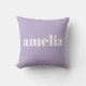 Cute pillow that features your monogram name or initials in a popular bold white font and a pastel lavender purple background. You can adjust the size of the font in the design tool for shorter or longer names. Perfect bedroom and dorm room decor.
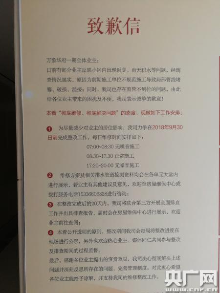 圖為開發(fā)商的致歉信。(央廣網(wǎng)記者 杜金明 攝)
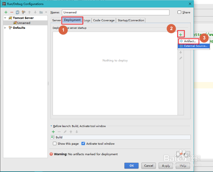 11. 在弹出的对话框中,选择Deployment,点击右侧的+号,选择Artifact。
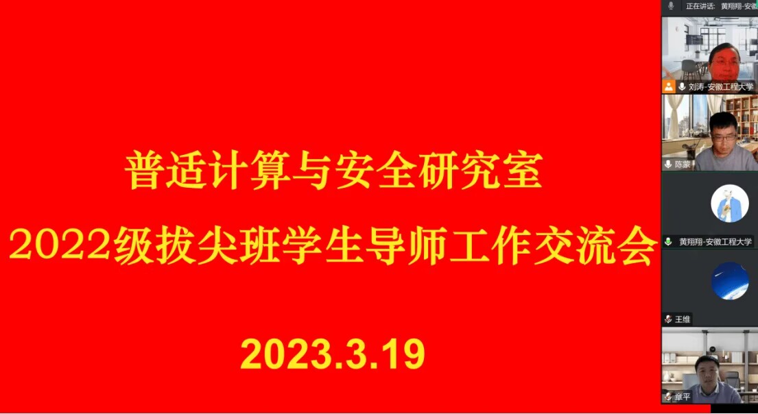 根据学院工作安排,计算机(拔尖)221班所有同学完成了进团队、选导师工作,为了让加入普适计算与安全团队的拔尖班同学明确学习目标、激发学习热情、坚定学习信念,3月19日和20日,计算机与信息学院普适计算与安全研究室的指导教师和学生就来自计算机(拔尖)221班4位同学的培养目标、培养模式、过程管理等分别进行了线上和线下的深入交流和探讨。
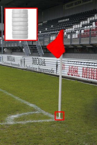 Sportec Heavy Duty hoekvlagstok 50mm wit met veer wordt geleverd inclusief een grondbuis en hoekvlag.
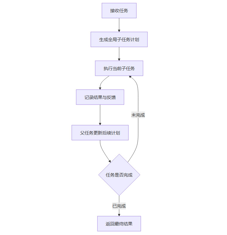 在实现上,父任务节点会维护一个结构化计划字段,其中记录按序编号的子任务列表以及每个子任务的状态,例如未开始、进行中或已完成。每次子任务执行结束,父任务会根据最新信息更新这一计划,可以删除已完成条目,也可以插入新的子任务,甚至可以重写后半段路线,整个过程对模型是自然语言层面的思维更新,对系统则是结构化的状态变更。
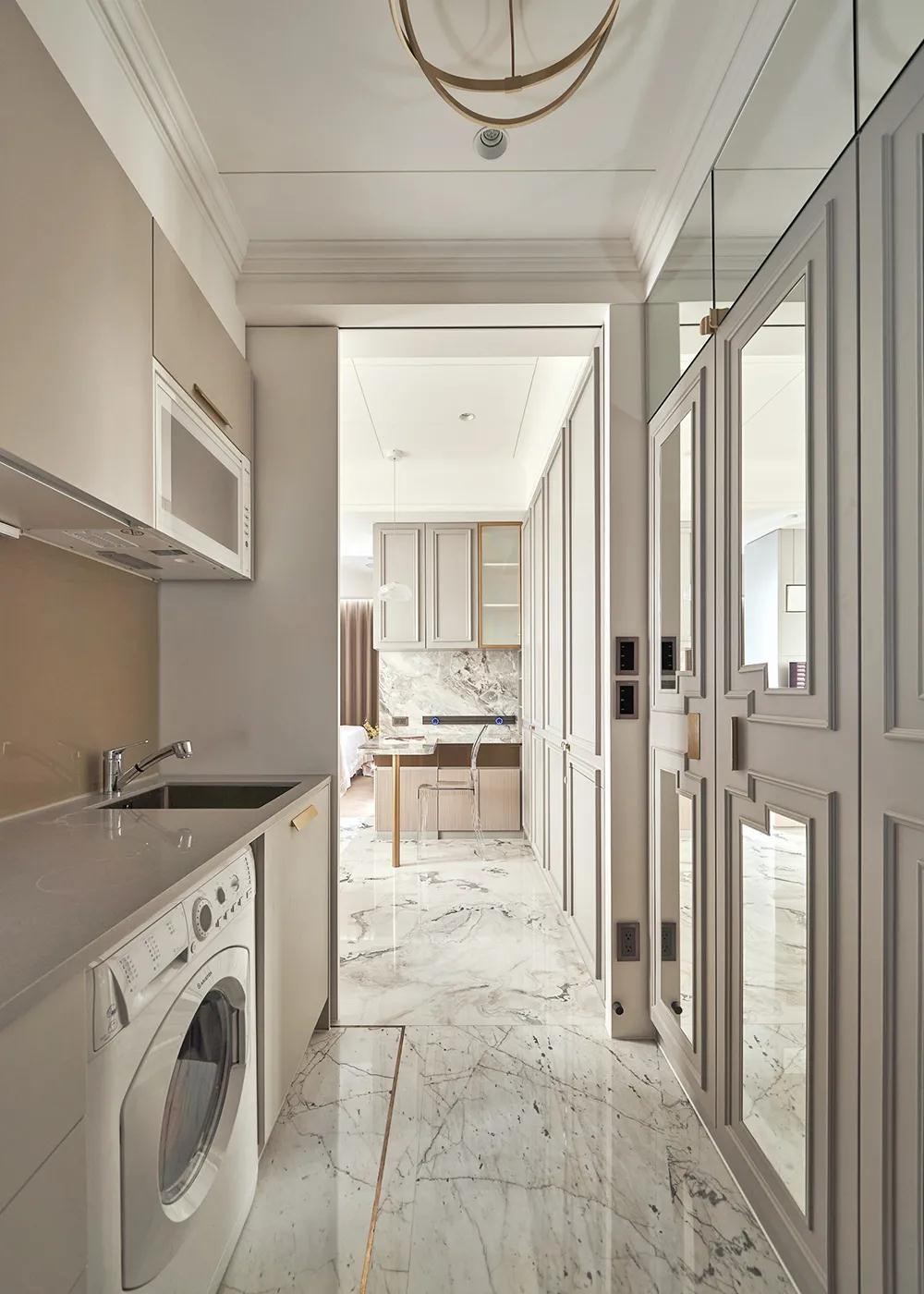 由于业主曾提及对四季酒店的喜爱 因此我们搜集了世界各地的四季酒店 慢慢剖析出屋主心中对于法式风格的定义 而因应小空间,本案不求太多线板装饰 而是将法式风格化繁为简 运用壁纸和磁砖拿捏比例与尺度 描绘精而巧的现代古典美学
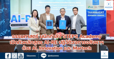 ธรรมศาสตร์ ผนึกกำลัง STEPS Academy เปิดตัวหลักสูตร AI-RE ปฏิวัติวงการอสังหาฯ ด้วย AI, Innovation และ Martech EZ Webmaster July 1, 2025 คณะพาณิชยศาสตร์และการบัญชี มหาวิทยาลัยธรรมศาสตร์ (Thammasat Business School) ร่วมกับ STEPS Academy ประกาศความร่วมมือครั้งสำคัญในการลงนามบันทึกข้อตกลงความเข้าใจ (MOU) จัดตั้งหลักสูตร “AI – RE Executive Program in AI, Innovation & Martech for Real Estate by Thammasat Business School x STEPS ACADEMY” หลักสูตรเร่งรัดที่มุ่งพลิกโฉมธุรกิจอสังหาริมทรัพย์ไทยสู่ “Business Transformation Model” ด้วยนวัตกรรมและเทคโนโลยี โดยเฉพาะอย่างยิ่งเทคโนโลยีปัญญาประดิษฐ์ (AI) และเทคโนโลยีการตลาด (Marketing Technology หรือ… Continue Reading
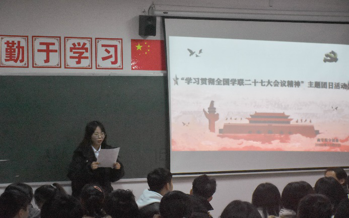 2020年8月17日,中华全国青年联合会第十三届委员会全体会议,中华全国学生联合会第二十七次代表大会在京召开。为深入学习中华全国学生联合会第二十七次代表大会的精神,2020年12月2日晚7时,商学院在主教楼304和306教室开展学习贯彻全国学联第二十七次会议精神的团日活动,此次团日活动邀请了商学院分团委书记欧阳耀诚作为嘉宾与商学院学生会各部门成员共同学习此次会议内容及精神。
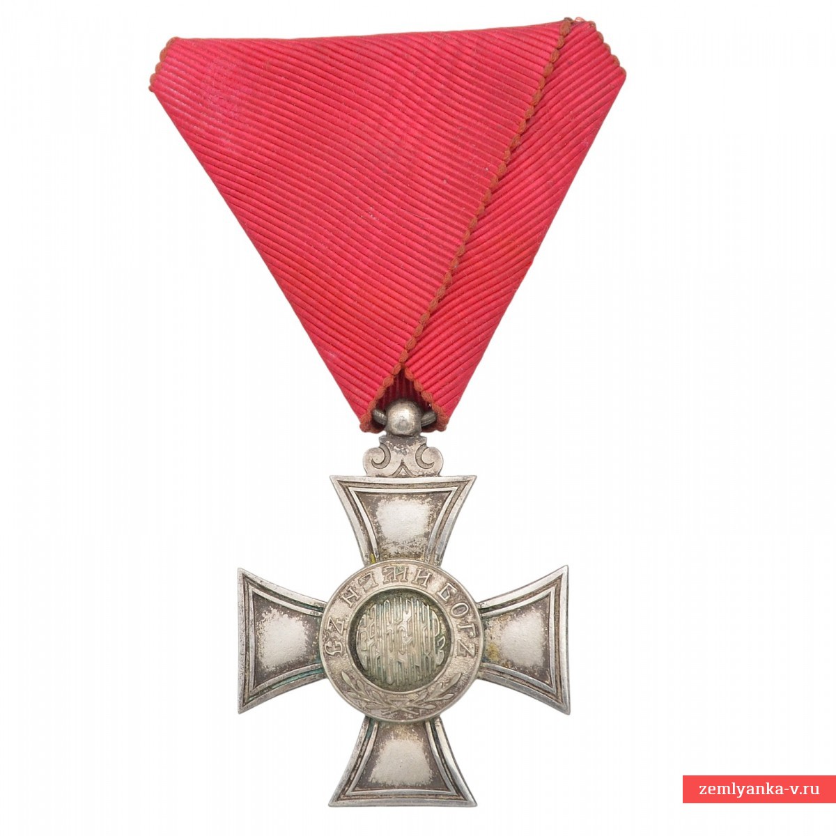 Оригинальный орден в отличном коллекционном состоянии. Серебро, штамповка, матовое серебрение, полировка. Центральный медальон — накладной элемент. Вариант цельноштампованного креста. На оригинальной ленте. Гарантия подлинности.
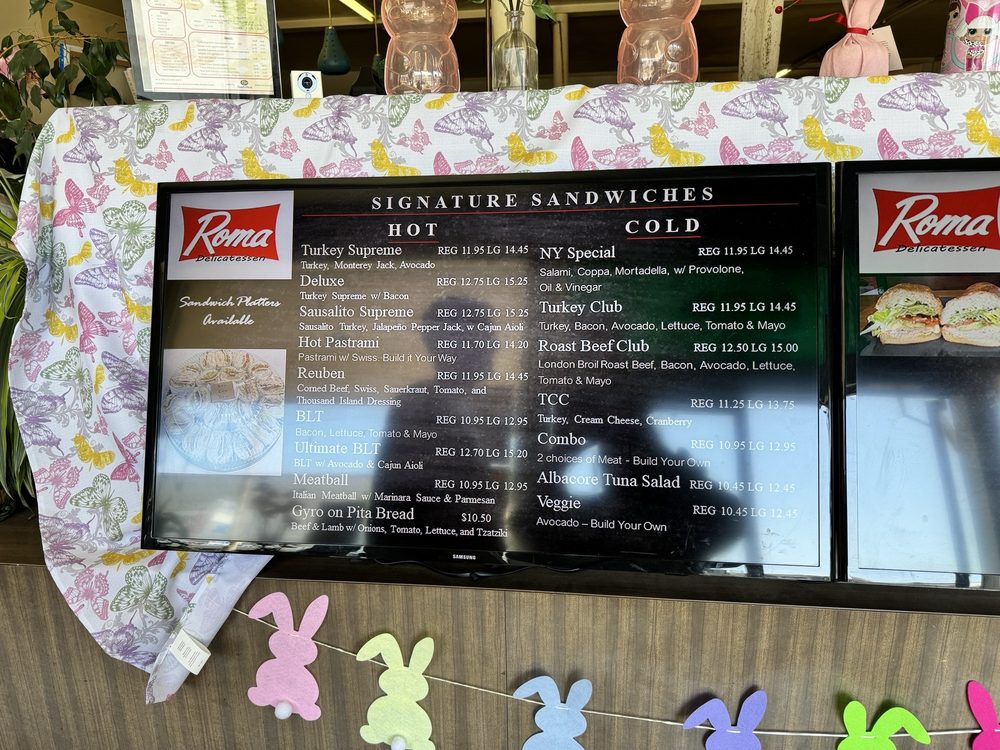 Roma Deli, located in San Bruno, offers a diverse menu with options for delivery, takeout, catering, and more. Customers rave about the generous portions of Boar's Head deli meats in sandwiches like the Hot Reuben and the Chicken Salad. The Dutch Crunch bread, known for its delicious taste and texture, complements the fillings perfectly. Visitors appreciate the friendly service and clean atmosphere of this family-owned deli. Prices are reasonable, and the chip selection is a standout feature. With convenient amenities like Wi-Fi, parking options, and a TV, Roma Deli is an ideal spot for a quick and delicious lunch. Next time you're in the area, be sure to stop by and experience the flavorful sandwiches for yourself.

• What to work on:
Starting with the first line of the material above and ending with the line that holds "11. 在弹出的对话框中,选", write out those lines exactly, without pictures.

• Written response:
 Cute pillow that features your monogram name or initials in a popular bold white font and a pastel lavender purple background. You can adjust the size of the font in the design tool for shorter or longer names. Perfect bedroom and dorm room decor.
 圖為開發(fā)商的致歉信。(央廣網(wǎng)記者 杜金明 攝)
 11. 在弹出的对话框中,选择Deployment,点击右侧的+号,选择Artifact。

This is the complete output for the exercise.